PS 31-172
Heat islands, landscaping, and the thermal ecology of urban lizards
Tuesday, August 6, 2013
Exhibit Hall B, Minneapolis Convention Center
Jeffrey W. Ackley, School of Life Sciences, Arizona State University, Tempe, AZ
Jianguo Wu, School of Life Sciences&Global Institute of Sustainability, Arizona State University, Tempe, AZ
Michael J. Angilletta, School of Life Sciences, Arizona State University, Tempe, AZ
Dale Denardo, School of Life Sciences, Arizona State University, Tempe, AZ
Brian K. Sullivan, School of Mathematics and Natural Sciences, Arizona State University, Phoenix, AZ
Background/Question/Methods: Climate change is predicted to drive 40% of lizard populations extinct by 2080. This assertion that large-scale shifts in climate are relevant to small ectotherms which experience temperature on a near instantaneous sub-meter scale assumes that species will not adapt by dispersal or shifting their activity patterns. However, local adaptations may already be observable in Phoenix, AZ, where a heterogeneous urban heat island (UHI) averages +3
oC and can locally exceed +10
oC at night. Interestingly, Phoenix also has an urban oasis effect, where heavily irrigated mesic landscaping can be cooler than the native desert during the day. This potential UHI mitigation strategy was evaluated from the perspective of lizards using the CAP-LTER North Desert Village experiment. Thermally realistic lizard models with temperature data loggers were placed in a bare lot (control), and several treatments that represent the dominant landscaping styles in Phoenix.

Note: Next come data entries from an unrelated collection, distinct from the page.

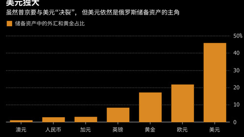 随着美俄关系的持续恶化,俄罗斯央行的“去美元化”进程似乎也在加速。据彭博社报道,在俄罗斯中央银行的外汇和黄金资产中,人民币(6.6693,0.0062, 0.09%)所占份额几乎增长两倍,接近加元的比例;黄金和人民币加在一起,已占俄罗斯央行储备资产的五分之一。
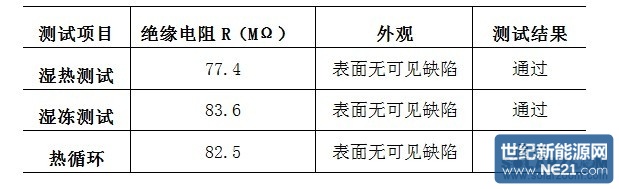 隨機抽取1塊此工藝下焊接的組件進行環境老化測試,根據IEC61215設計鑒定與定型10.13,10.12,10.11測試方法,測試結果如表1所示,組件外觀無異常,且濕絕緣合格。
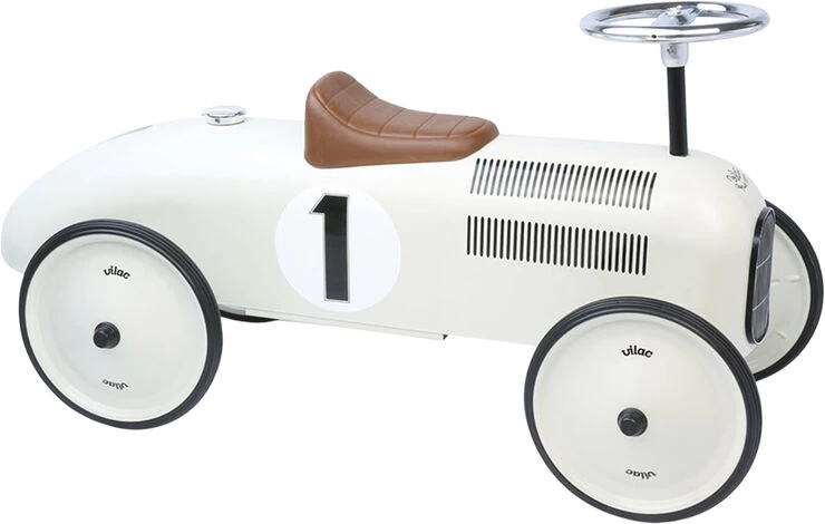 Råhvid racerbil i metal til de små. Bilen har et gennemført, klassisk design med rigtige gummihjul, kølergitter, benzindæksel samt behageligt sæde i læderlook og sidst men ikke mindst, indfarvede fælge. Produkt: 38 x 77 x 40 cm Emballage: 23 x 80 x 18 cm. Alder: 1+

Results/Conclusions: In midsummer, potential lizard activity time was found to be almost non-existent in native and xeric plots, while the mesic plot allowed for continual activity during even the hottest days. Interestingly, underground temperatures in the mesic plot were actually too cold for proper egg development. A preliminary inspection of microhabitat characteristics revealed that shade explained the vast majority of variation in model temperatures. Distance to vegetation and relative humidity did not appear to influence model temperature, suggesting that artificial shade structures may also extend potential lizard activity time in summer.